═════ Data in this exercise

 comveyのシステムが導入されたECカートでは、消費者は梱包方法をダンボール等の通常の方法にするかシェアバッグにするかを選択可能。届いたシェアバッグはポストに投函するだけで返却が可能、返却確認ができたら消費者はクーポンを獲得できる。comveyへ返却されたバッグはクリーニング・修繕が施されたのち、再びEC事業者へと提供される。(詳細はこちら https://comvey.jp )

══════════
═════ Data in this exercise

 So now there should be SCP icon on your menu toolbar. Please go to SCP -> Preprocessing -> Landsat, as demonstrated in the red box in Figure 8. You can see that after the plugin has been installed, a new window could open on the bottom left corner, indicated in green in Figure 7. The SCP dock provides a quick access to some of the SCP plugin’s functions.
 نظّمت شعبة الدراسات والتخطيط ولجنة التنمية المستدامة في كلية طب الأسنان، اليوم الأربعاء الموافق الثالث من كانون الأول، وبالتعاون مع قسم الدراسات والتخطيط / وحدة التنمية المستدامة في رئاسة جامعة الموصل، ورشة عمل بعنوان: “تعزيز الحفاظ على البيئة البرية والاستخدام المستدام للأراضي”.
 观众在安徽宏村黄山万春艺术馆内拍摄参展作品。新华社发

══════════
═════ Data in this exercise

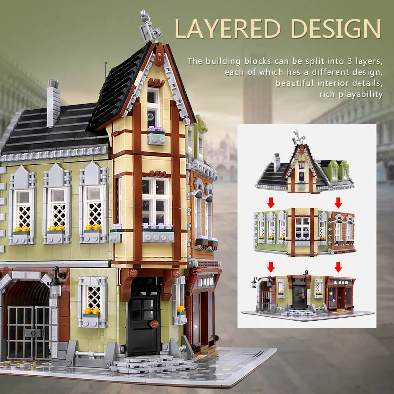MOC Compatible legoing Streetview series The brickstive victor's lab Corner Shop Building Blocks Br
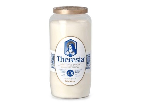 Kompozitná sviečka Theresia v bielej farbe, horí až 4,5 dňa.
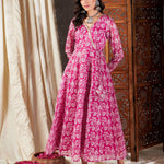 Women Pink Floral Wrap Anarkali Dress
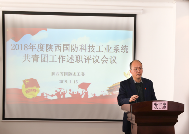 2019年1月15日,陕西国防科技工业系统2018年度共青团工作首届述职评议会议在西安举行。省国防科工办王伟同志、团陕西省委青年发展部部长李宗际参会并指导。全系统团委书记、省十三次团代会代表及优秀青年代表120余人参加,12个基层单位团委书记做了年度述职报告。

══════════

▸ **Required work**
From the records above, print only the lines between the one holding "نظّمت شعبة الدراسات" and the one holding "观众在安徽宏村黄山万春艺术馆内拍摄参展作品。新华社发", inclusive, exactly as they stand.

▸ **Result for this task**
 نظّمت شعبة الدراسات والتخطيط ولجنة التنمية المستدامة في كلية طب الأسنان، اليوم الأربعاء الموافق الثالث من كانون الأول، وبالتعاون مع قسم الدراسات والتخطيط / وحدة التنمية المستدامة في رئاسة جامعة الموصل، ورشة عمل بعنوان: “تعزيز الحفاظ على البيئة البرية والاستخدام المستدام للأراضي”.
 观众在安徽宏村黄山万春艺术馆内拍摄参展作品。新华社发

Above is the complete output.